Konjam Pesinaal Yenna Movie Review: All talk no show

Konjam Pesinaal Yenna Movie Review: All talk no show

The film struggles due to weak writing, overly clichéd romantic dialogues, and a virtually nonexistent screenplay—all of which make it a forgettable watch
Konjam Pesinaal Yenna(1.5 / 5)

Romance dramas have undoubtedly been explored extensively, leading some to wonder if there is anything truly innovative left to offer in the genre. This question arose for me during the interval of Konjam Pesinaal Yenna. Like many other love stories, this film also concludes with the classic 'Happily Ever After' trope (oops, spoiler alert). Set against the backdrop of the Covid lockdown, the film aims to provide a screenlife experience of falling in love, reminiscent of Halitha Shameem’s Loners from Putham Pudhu Kaalai Vidiyaadha. However, it struggles due to weak writing, overly clichéd romantic dialogues, and a virtually nonexistent screenplay—all of which make it a forgettable watch.

Director: Giri Murphy

Cast: Keerthi Pandian, Vinoth Kishan, Kaamna Batra, VJ Aashiq

Rating: 1.5/5

Konjam Pesinaal Yenna centres on Sanjana (Keerthi Pandian), whose dormant feelings for her childhood crush, Ajay (Vinoth Kishan), are reignited when they meet again virtually. Despite not confessing her past emotions, the two make phone conversations during the lockdown and begin to form a new bond without attaching any traditional relationship labels to it. However, their journey towards acknowledging their feelings is fraught with challenges typical of any love story.

Initially, Konjam Pesinaal Yenna presents promising elements beyond the typical romantic tropes. Ajay's serious self-introduction provides insight into his character, while Sanjana's introduction is bubbly and jovial, accompanied by two alter-ego-like characters that reflect her insecurities and strengths. While these characters introduce a fresh angle, the inconsistent writing causes them to disappear after a few initial scenes, only to reappear during the climax. Similarly, Ajay's dog, Plateau, is given a voice, delivering comebacks that surpass typical human responses. Even the few novel ideas in the film go amiss when they’re most needed to save the story.

Beyond its inconsistent execution, the film's biggest flaw is its lack of a compelling narrative. The conflicts that romantic stories generally introduce are limited to either disagreements between the main couple or family disputes.
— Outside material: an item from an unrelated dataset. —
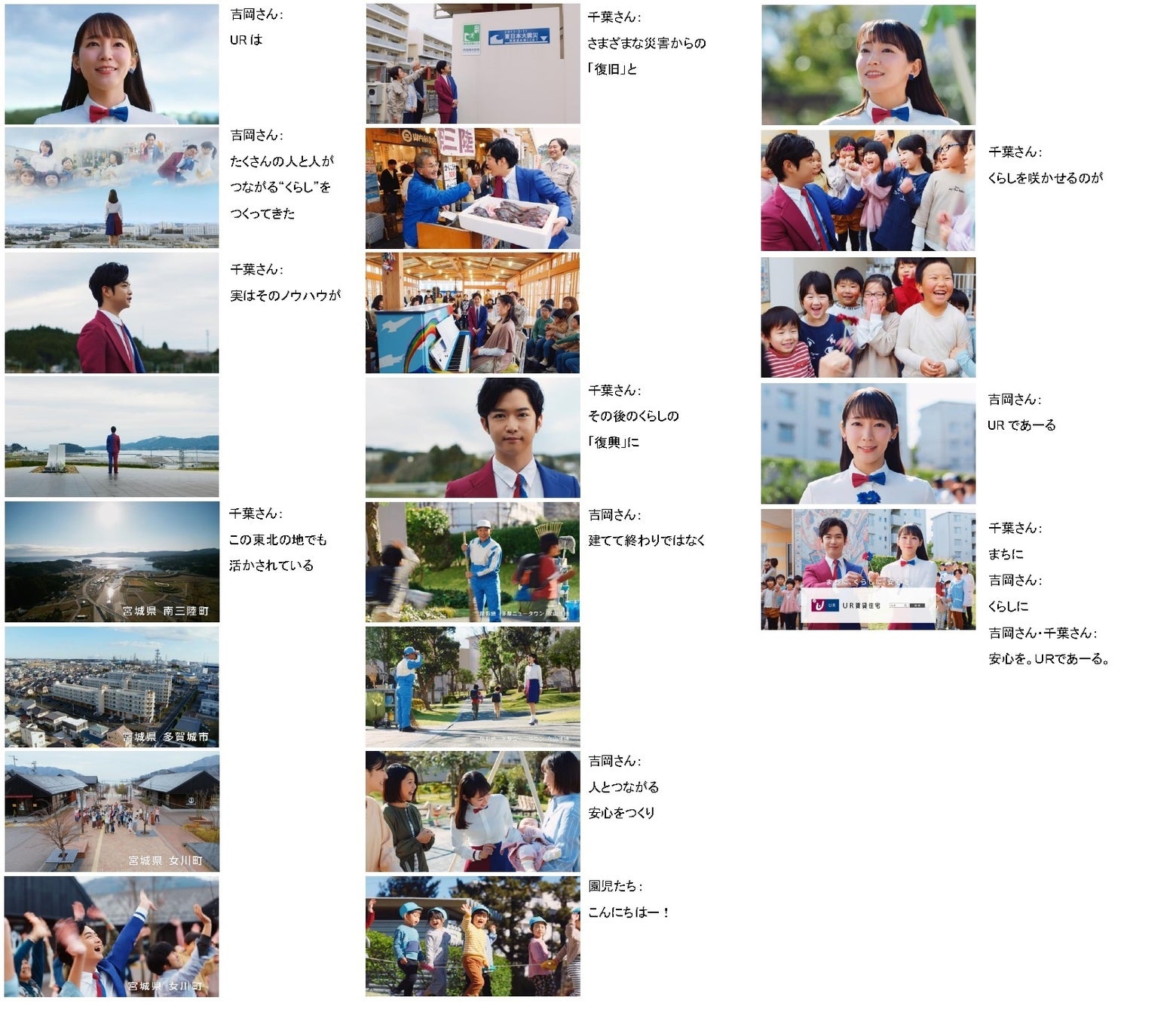最新作では「URであーるガール」「URであーるボーイ」としてイメージキャラクターを務める吉岡里帆さんと千葉雄大さんが、URの復興支援・まちづくりを紹介し、安全・安心を築き上げるURの魅力を紹介します。

Given the supportive familial environment depicted in the film, the former is emphasised as the primary conflict. However, this conflict lacks depth and appears illogical. Ajay decides to end a non-existent relationship with Sanjana because of his friend's failed long-term relationship. While the film hints at Ajay's trust issues stemming from his parents' constant fighting, the narrative fails to effectively convey this trauma. Furthermore, the audience is left in the dark regarding Ajay's reasons for falling for Sanjana. While Sanjana has harboured feelings for him for years, Ajay's attraction to her seems to stem solely from her being there for him during tough times. This raises the question: What role does Sanjana truly play in Ajay's life beyond that of a therapist or a confidante?

Of course, Keerthi Pandian and Vinoth Kishan justify their roles as Sanjana and Ajay, respectively. Particularly in the school flashback scenes, Keerthi's portrayal of Sanjana feels authentic, effectively immersing viewers in the experience of a schoolgirl deeply infatuated. However, for a screenlife film, the chemistry between the leading duo is not functional, let alone sizzling. We hardly feel like the two are in love, and the several montages of them falling in love are definitely not helpful. In fact, Sanjana shares better chemistry with her best friend Adhi (Kaamna Batra); they even affectionately refer to each other as 'Baby'. The film's portrayal of female friendship is indeed refreshing, but unfortunately, it is short-lived.

More than true to its rhetorical title, Konjam Pesinaal Yenna has no dearth of syrupy dialogues that quite test your patience. When Sanjana realises that she has fallen in love, she makes a statement—“Avan satta paikulla vizhundhu apdiye avan heartbeat ah ketute irukanum nu thonudhu”—that comes out as nothing short of cringe. Further, Ajay is also made to speak lines like, “Saagamale swargatha paatha maari irukum,” when she asks him how it would be to experience rain with his lover. Such lines come when the film is already punching below its weight, rather than presenting worthy lines when the situation demands them.

When the film neared its climax, I wondered if it would have made better sense to release it during or immediately after the pandemic. At least, then, the film might have resonated a little better with the troubles of the lockdown period still fresh in our memory. Even then, the film would need a proper storyline, a bit more gravitas in the romance department, and much better writing. As it stands, Konjam Pesinaal Yenna is just all talk, no show.